Christ, the end of the law

Every time I read the Epistles of Paul, I see that he boldly proclaimed the truth of what God achieved through the birth, life, death, resurrection, and ascension of Jesus. In many other letters, Paul spent a good deal of time reconciling those people who could not trust Jesus because their hope was based on the law. It is important to note that the law that God gave Israel was temporary. It was only planned as temporary and should remain effective until Christ came.

For Israel, the law was a teacher who taught them about sin and justice and the need for a savior. It led them until the promised Messiah came, through whom God would bless all nations. But the law could give Israel neither justice nor salvation. It could only tell them that they were guilty, that they needed a Savior.

For the Christian church, the law teaches us, just as the entire Old Testament, who God is. It also teaches us how God created a people from which the Redeemer would come forth to take away their sins - not just of God's people Israel, but the sins of the whole world.

The law was never intended as a substitute for a relationship with God, but rather as a means to lead Israel to their Savior. In Galatians 3,19 Paul wrote: “Then what is the point of the law? It was added for the sake of sins, until the descendant was there to whom the promise was made. "

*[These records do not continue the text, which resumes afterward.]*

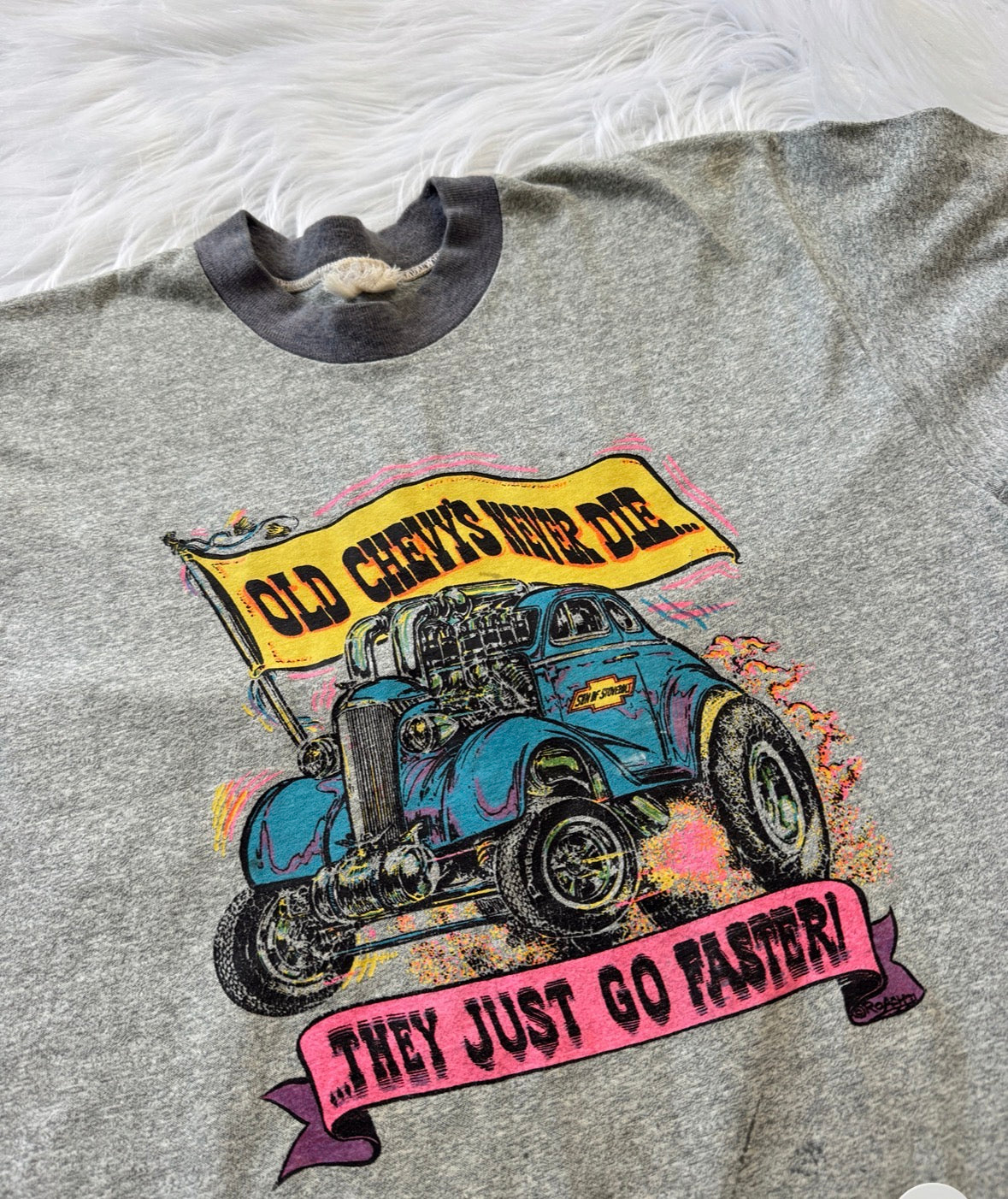 Vintage 1977 Roach Old Chevys Never Die, They Just Go Faster Tee. Size Medium - Large. Great Condition See Photos
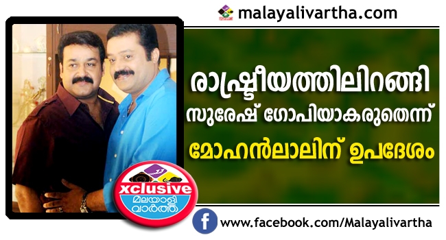 മോഹന്ലാല് ബി ജെ പി സ്ഥാനാര്ത്ഥിയാവും എന്ന വാര്ത്തകള്ക്ക് ഏതാണ്ട് സ്ഥിതീകരണം ലഭിച്ച സാഹചര്യത്തിലാണ് ഇത്തരത്തിലൊരു ഉപദേശം അദ്ദേഹത്തിന് ലഭിച്ചത്. മോഹന്ലാലിന് ഇത് വിവാദങ്ങളുടെ കാലമാണ്. അമ്മയിലെ വിവാദങ്ങളില് അദ്ദേഹം അകപ്പെട്ടത് തികച്ചും അപ്രതീക്ഷിതമായാണ്. എറണാകുളം പ്രസ് ക്ലബില് അദ്ദേഹം പത്രസമ്മേളനത്തിനെത്തിയത് തനിക്ക് ദിലീപുമായി യാതൊരു ബന്ധവുമില്ലെന്ന് വ്യക്തമാക്കാനാണ്. എന്നാല് സംസാരത്തിന്റെ ഗതി മാറി പോയി. സംസാരിച്ച് സംസാരിച്ച് മോഹന്ലാല് അറിയാതെ ദിലീപിന്റെ ആളായി മാറുകയായിരുന്നു.
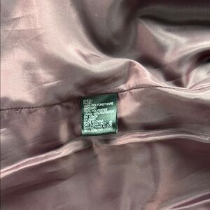 Tahari faux leather blazer, fully lined, two front pockets, with princess seams on front and back for a tailored look. The front closure is a hook and eye closure that keeps the lines clean. The front of the jacket extends longer than the back, which makes this flattering for all shapes.
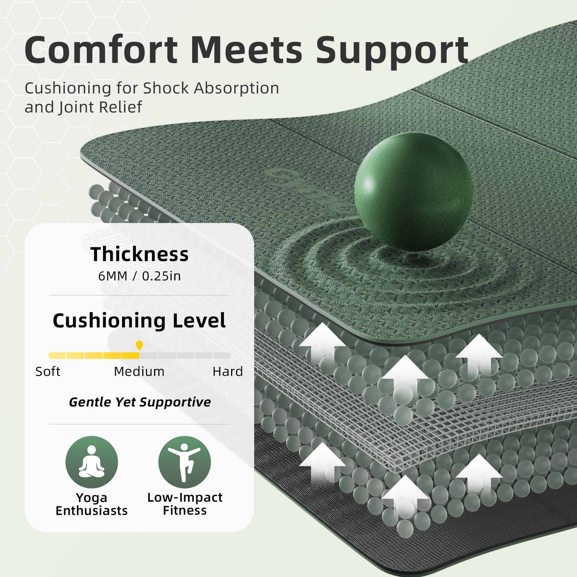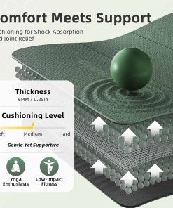 3. 1/4″ de Grosor para Protección Articular Acolchada: Construido con materiales de alta densidad y 6 mm de amortiguación de apoyo, este tapete ayuda a reducir la presión en tus rodillas, codos y columna, ideal para sesiones más largas y rutinas de alto impacto.
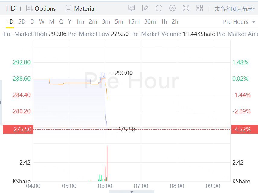 Shares of the largest U.S. home improvement chain tumbled nearly 5% in premarket trading after the company also missed first-quarter sales estimates, hurt by adverse weather and falling lumber prices.
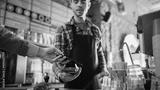 Caucasian Customer Pays for Coffee and Pastry with Contactless NFC Payment Technology on Smartphone to a Handsome Barista in Blue Checkered Shirt. Contactless Mobile Payment in Cafe Concept.
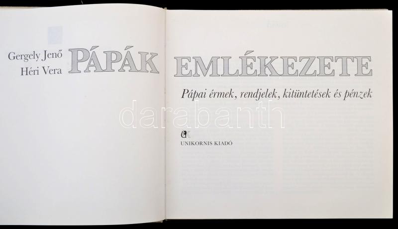 Gergely Jenő - Héri Vera: Pápák emlékezete. Pápai érmek, rendjelek, kitüntetések és pénzek. Bp.,1991, Unikornis Kiadó. Kiadói egészvászon-kötés.

In other words, God had a beginning and an end for the law, and the end was the death and resurrection of the Messiah and Savior Jesus Christ.
Paul continued in verses 21-26: "What? Is the law then against God's promises? That was far away! For only if there was a law that could give life to, would justice really come out of the law. But Scripture has included everything under sin, that the promise of faith in Jesus Christ might be given to those who believe. But before faith came, we were kept under the law and closed to the faith, which was then to be revealed. So the law was our disciplinarian on Christ, that we might be justified by faith. But after the faith has come, we are no longer under the disciplinarian. For you are all children of Christ Jesus by faith. "

Before God opened his eyes to this understanding, Paul had not seen where the law was heading - toward a loving, merciful, and forgiving God who would redeem us from the sins the law revealed. Instead, he saw the law as an end in itself, and ended up with a cumbersome, empty and destructive religion.

"And so it was found that the commandment brought me death that was given to life," he wrote in Romans 7,10and in verse 24 he asked, “I wretched man! Who will deliver me from this dead body? ”The answer he found is that salvation comes only through God's grace and can only be experienced through faith in Jesus Christ.

In all of this, we see that the path to righteousness does not come through the law, which can not take our guilt away. The only path to righteousness is through faith in Jesus, in which all our sins are forgiven, and in which we are reconciled to our faithful God, who will love us unconditionally and will never let us go.